=== Section Start ===
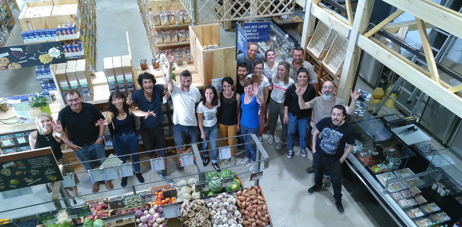
23 juin 2020, J - 1 avant l'ouverture du magasin aux premiers clients
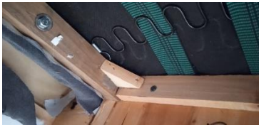
Εικόνα 39. Πλαϊνές βίδες συναρμολόγησης
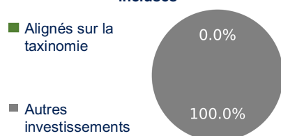
1. Alignement des investissements sur la taxinomie, obligations souveraines incluses*
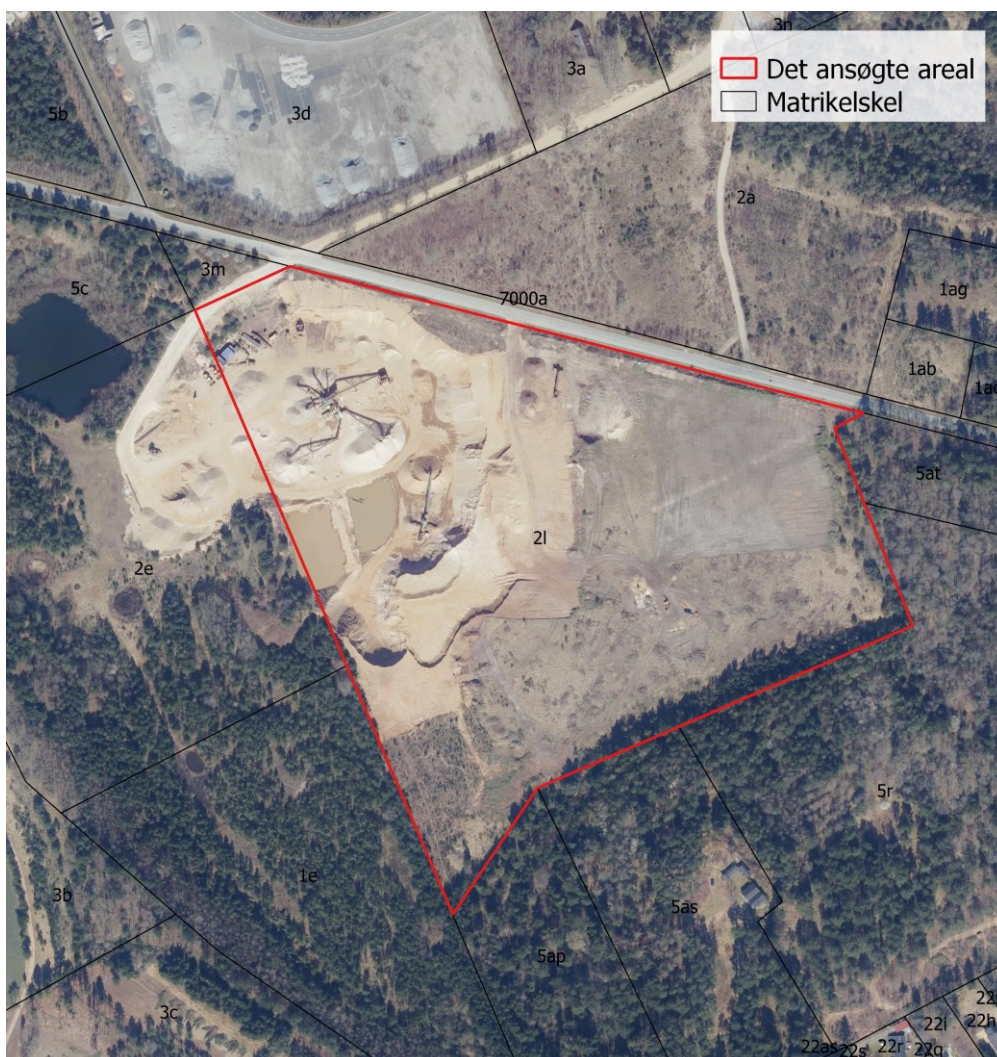
Ortofoto forår 2022, 1:3.000. Det ansøgte areal er omridset med rød streg, matrikelskel med sort.
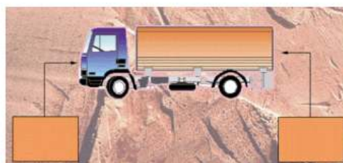
Vehículo de carga general con dos o más mercancías peligrosas de diferentes clases o división.
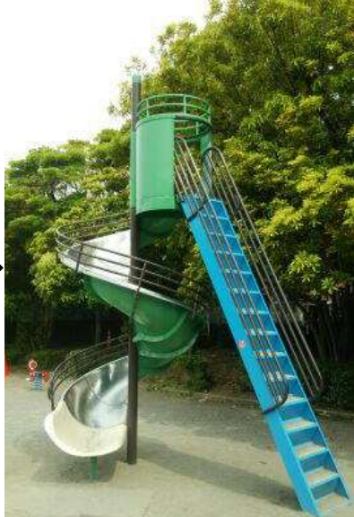
転落防止手すりを設置
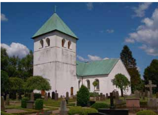
Munka-Ljungby kyrka.

Det blev en mycket intressant och givande eftermiddag. De båda föreläsarna gav oss en väldigt bra inblick i ämnesområden som för oss psoriatiker är viktiga. Vi kände oss därför mycket nöjda med dagens begivenheter när vi sedan förflyttade oss vidare till Munka-Ljungby kyrka.
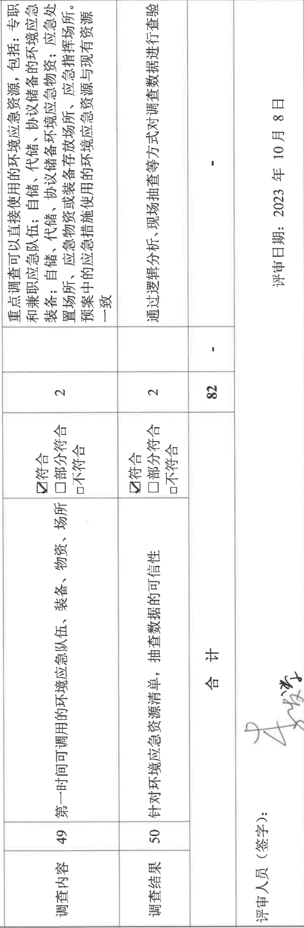
环境应急资源调查报告（表）

注：1.符合，指的是评审专家判定某一项指标所涉及的内容能够反映制定环境应急预案的企业开展了该项工作，且工作全面、深入、质量高；部分符合，指的是评审专家判定企业开展了该项工作，但工作不全面、不深入或质量不高；不符合，指的是评审人员判定企业未开展该项工作，或工作有重大疏漏、流于形式或质量差。
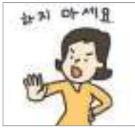
의사를 표현하다 মনোভাব প্রকাশ করা
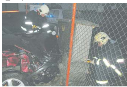
HASIČI průběžně do příjezdu plynářů kontrolovali, zda neuniká z uzavěru plynu.

Chrudim - Profesionální hasiči vyjžděli ve středu v 16.52 hodin k havárii dodávky a osobního auta. K jejich střetu došlo v ulici Obce Ležáků na výhledu z Chrudimi do Slatiňan. „Osobní vůz po nehodě narazil do hlavního uzavěru plynu. Hasiči proto nechal místo přivolat pracovníky plynárn. Do té doby prováděli měření koncentrace plynu detekčním přístrojem. Unik plynu ale nebyl naštěstí zjištěn,“ říká mluvčí hasičů Vendula Horáková. Hasiči podle ní odpojili autobaterie, aby nedošlo k požáru vozidel, zabránili úniku jejich provozních náplní a odstranili auta ze silnice. (rz)
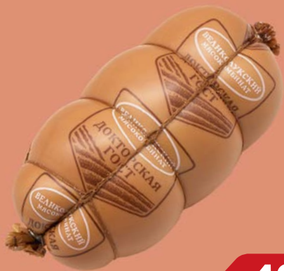
Колбаса ДОКТОРСКАЯ, ГОСТ вареная (Великолукский МК), 500 г
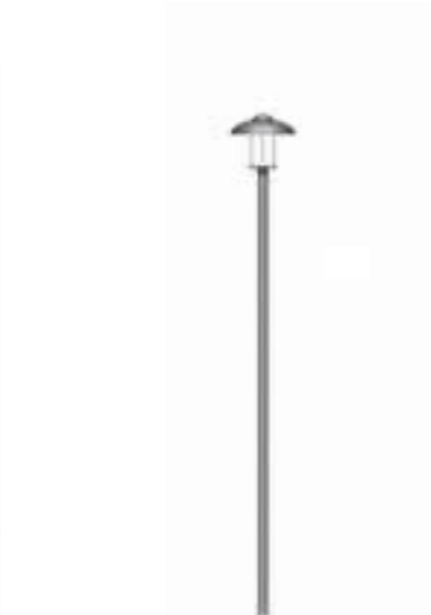
A - Pelas 350
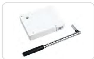
Kasety z przekładnią na linkę lub pasek
=== Section End ===
Reproduce precisely the lines of the entries above, from the one containing "의사를 표현하다 মনোভাব প্রকাশ করা" through the final one, both ends included, and omit the pictures.

▸ **TASK SOLUTION**
의사를 표현하다 মনোভাব প্রকাশ করা
HASIČI průběžně do příjezdu plynářů kontrolovali, zda neuniká z uzavěru plynu.

Chrudim - Profesionální hasiči vyjžděli ve středu v 16.52 hodin k havárii dodávky a osobního auta. K jejich střetu došlo v ulici Obce Ležáků na výhledu z Chrudimi do Slatiňan. „Osobní vůz po nehodě narazil do hlavního uzavěru plynu. Hasiči proto nechal místo přivolat pracovníky plynárn. Do té doby prováděli měření koncentrace plynu detekčním přístrojem. Unik plynu ale nebyl naštěstí zjištěn,“ říká mluvčí hasičů Vendula Horáková. Hasiči podle ní odpojili autobaterie, aby nedošlo k požáru vozidel, zabránili úniku jejich provozních náplní a odstranili auta ze silnice. (rz)
Колбаса ДОКТОРСКАЯ, ГОСТ вареная (Великолукский МК), 500 г
A - Pelas 350
Kasety z przekładnią na linkę lub pasek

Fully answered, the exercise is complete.